= Johan Leche =

Swedish physician and naturalist (1704–1764)

Johan Leche (22 September 1704 – 17 June 1764) was a Swedish physician and naturalist. He collaborated with Carolus Linnaeus who named a plant genus Lechea and an insect Phalaena lecheana after him. He was a pioneer of dendrochrononology and climate study in Finland and Sweden.

== Life and work ==
Leche was born in Barkåkra parish, Skåne, to vicar Jöns Leche and his wife Kristina Paulin. Jöns Leche had studied at Lund University and introduced his children to the study of natural history. After the death of his father, he was taken care of by his step father Anders Lunnius. Initially he trained in theology to enter the church in Lund University. He collected specimens of natural history and this led to his work Florula Simonstorpiana on the plants of Simonstorp where he worked briefly as a private tutor. Here he had access to the library of the assessor Nils Bildensköld. In 1733 he gave up theology and with the help of the priest Kilian Stobaeus decided to shift to medicine and he became an anatomy prosector in 1735 and received a doctorate in 1740. He was inspired by Linnaeus to study natural history in his spare time. He served as a provincial physician in Skaraborg County and five years later became a physician in the East India Company in Gothenburg. Around 1742 he became interested in climate measurement and began to conduct studies in meteorology while collaborating with Anders Celsius (1701–1744) and Pehr Elvius (1710–1749). In 1743 he failed to get a position at Lund that became vacant following the death of Johan Jacob von Döbeln. He was elected to the Swedish Academy of Sciences in 1746. In 1747 he applied to the Åbo Akademi where a position of professor of medicine became vacant by the death of Herman Spöring and he was appointed to it in 1748. In 1754 his daughter Maria Elisabeth was the first to receive smallpox inoculation. Here he was involved in organizing mineral collections, building an anatomy department, developing a medical garden, and a chemical laboratory. He collected daily weather observations until his death. Leche's students were few and included Johan Grysselius with whom he examined the migration of swallows, having kept records of the earliest arrival of swallows annually. He also made observations of the northern lights.

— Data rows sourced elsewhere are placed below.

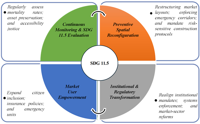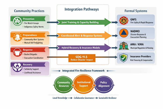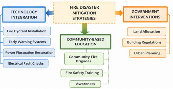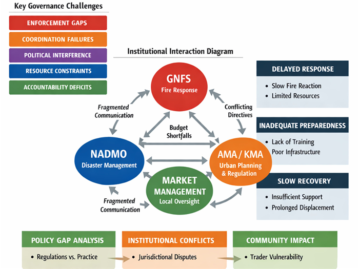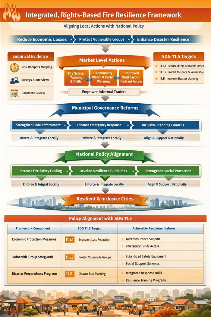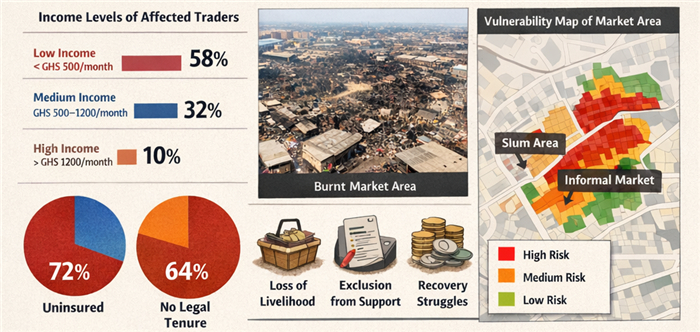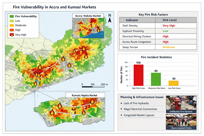 • Fire outbreaks have become a recurrent urban disaster undermining the Right to the City —understood here as the collective right to safe, inclusive, and participatory urban spaces—in Ghana's rapidly urbanising centres. Despite policy commitments to inclusive and sustainable cities, repeated fires in markets and informal settlements revealed persistent structural vulnerabilities and governance breakdowns. This study examined the structural vulnerabilities through which spatial configurations, socio-economic inequalities, and institutional practices perpetuate urban fire risk in Accra and Kumasi. Using a mixed-methods approach combining geospatial analysis, household surveys, key informant interviews, and policy review, the study identified market-level fire risk patterns and traced how inadequate infrastructure, weak regulatory enforcement, and fragmented governance systems translated into heightened exposure and unequal losses. Results demonstrated clear pathways linking poor spatial planning and limited fire safety provision to recurrent fire incidents, particularly among informal traders and low-income households. It further showed that urban fire governance remained largely reactive, with minimal integration of preventive, community-led resilience practices. Grounded in the Right to the City and urban resilience frameworks, the study advanced a context-specific Fire Resilience Framework that integrated spatial planning reform, participatory governance, and low-cost technological support. It concluded that strengthening these structural pathways is critical not only for reducing fire risk, but also for advancing equitable, inclusive, and sustainable urban development in Ghana and comparable Sub-Saharan African contexts.
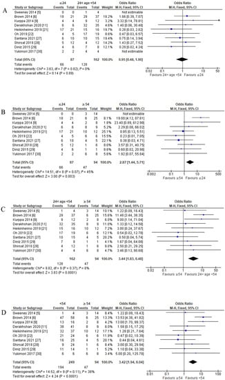 Forest plot of age groups with BRAF V600E mutation in ameloblastoma cases. (A) Young age group versus adult age group; (B) young age group versus older age group; (C) adult age group versus older age group; (D) young and adult age group versus older age group.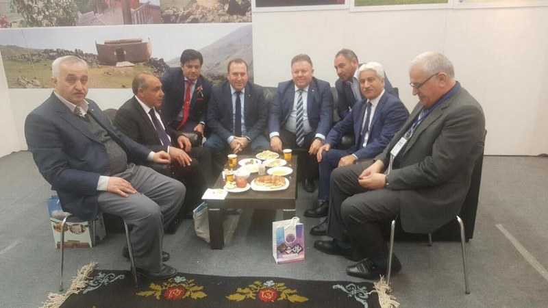 Iğdır Kültür ve Turizm Müdürlüğünün Iğdır, Ağrı, Ardahan illeri ile birlikte kurmuş olduğu standı ATO Congresium Fuar ve Kongre Merkezi’nde yerini aldı. Odamız yönetim kurulu Başkanı Kamil Arslan bölge oda başkanları ile birlikte Iğdır standını ziyaret ederek 7 ülkeden 42 şehir, 220 katılımcının katıldığı 26 Mart Pazar günü sona erecek olan fuarda ilimiz Elması, patlıcan reçeli, nabatı, kaysisi, lepesi, sarı kökü, sirapı, kaşar peyniri, balı ve tüm zenginlikleri tanıtılmaktadır. Tüm Iğdırlı hemşehrilerimizi bekliyoruz” dedi.

Leche's meticulous approach to weather recording also extended to his pioneering studies in dendrochronology. In 1757 he had noted the death of numerous trees and decided to examine the evidence of droughts in the tree rings. He also considered the value of understanding climate periodicity to agriculture. He later found that 1757 was the driest summer in his 13 years of measurement. He considered but dismissed the possibility of a 10-year cycle of high rainfall.